John: Atlanta is really the prime example of this idea of being connected to the global marketplace. Atlanta’s international airport has more nonstop flights to global markets than any other city in the U.S. today. They enjoy, again, a very solid pro-business climate. There’s a great professionalism among economic development practitioners in Atlanta. When you think about the art of economic development, it was really crafted in the southeast. Cities like Nashville and Atlanta, and in Texas, to lure industry away from expensive cities in the rust belt and expensive cities in the northeast. Atlanta is just doing a lot of things right. It’s an addition towards high concentration of Fortune 500 headquarters, you also have an emerging tech scene. You have some of the nation’s top developers doing a lot of millennial-friendly construction downtown. We have a new loop that’s being built around the city, which will be public space and by-pass. Atlanta is now emerging really as a major place for technology operations. General Electric has one of their major tech centers in Atlanta. It’s on the map for lots of projects today.

Kathy: Interesting. We’re bringing that back on our hotlist, along with actually Charlotte. These are two cities we were excited about 10 years ago, and then they got hit fairly hard during the recession, but they seem to be back on track. Any thoughts on Charlotte, North Carolina?

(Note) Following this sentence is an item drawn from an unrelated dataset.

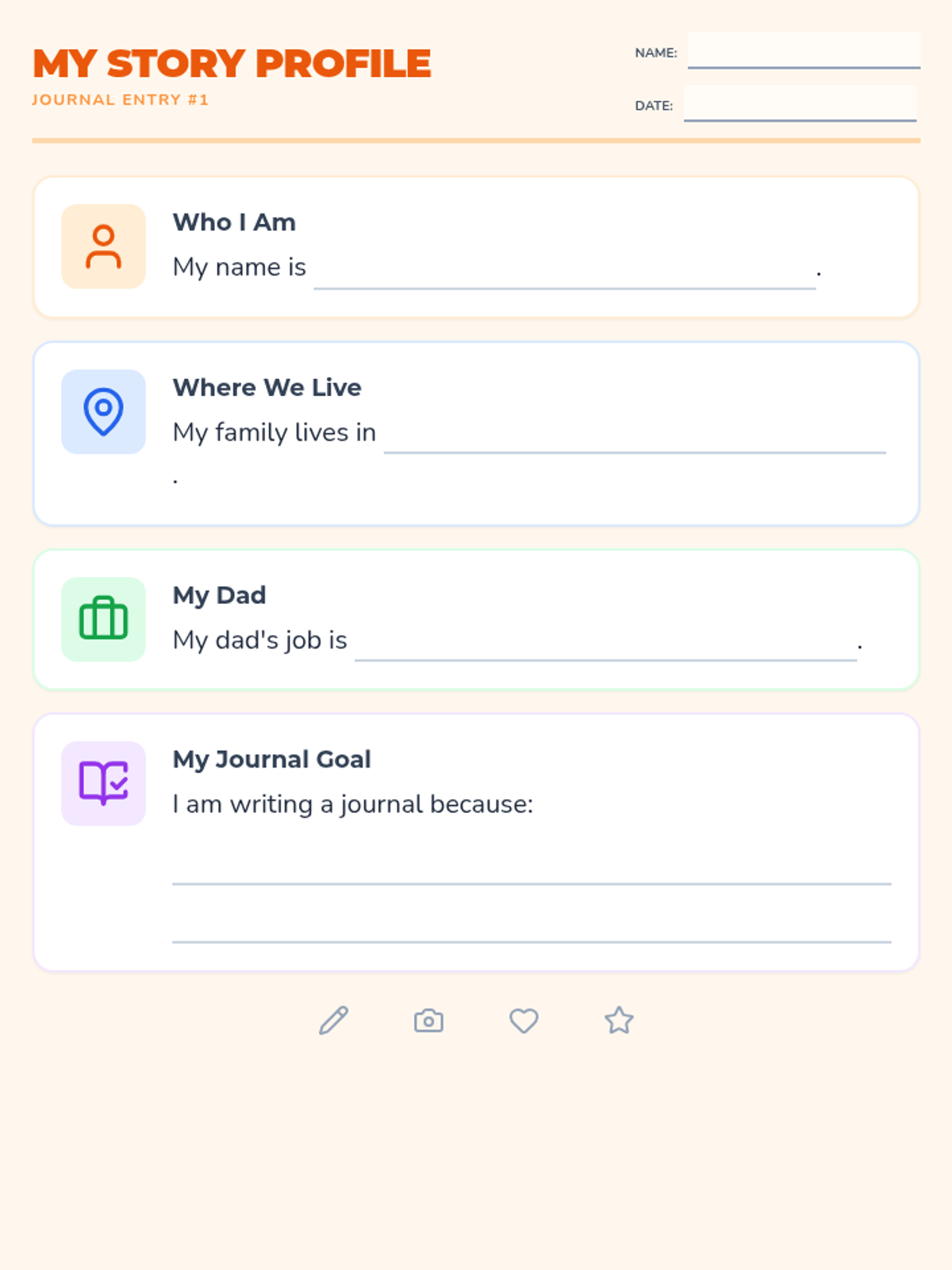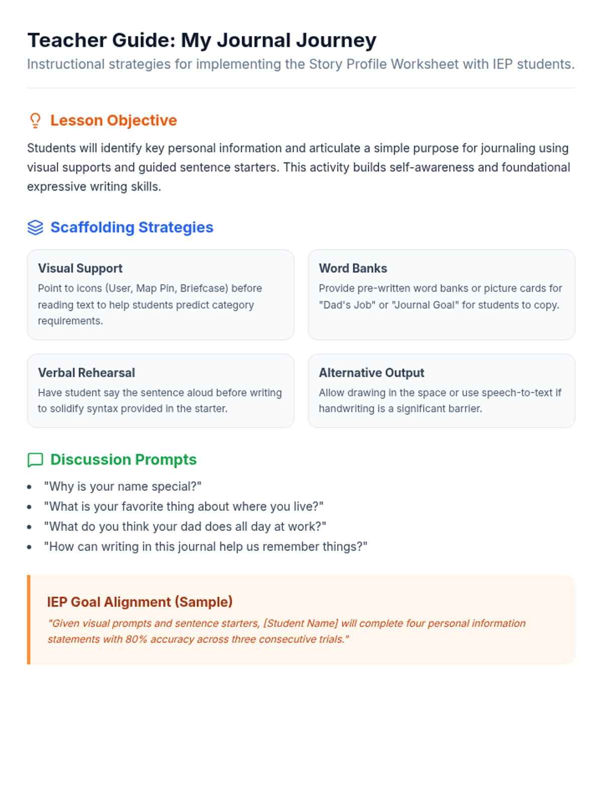 A foundational lesson to help students introduce themselves and establish their purpose for keeping a personal journal, with heavy visual supports for IEP students.

John: Absolutely. Charlotte is on a roll. It just got a new corporate headquarters for Honeywell. You have a very positive state business climate. Governor Cooper has done a good job working with Republicans and bringing Republicans and Democrats together to cut taxes, to craft a new incentive program. Charlotte’s doing very well. There’s no question about that.

Kathy: Man, being from California, I wonder if we’ll ever figure that out.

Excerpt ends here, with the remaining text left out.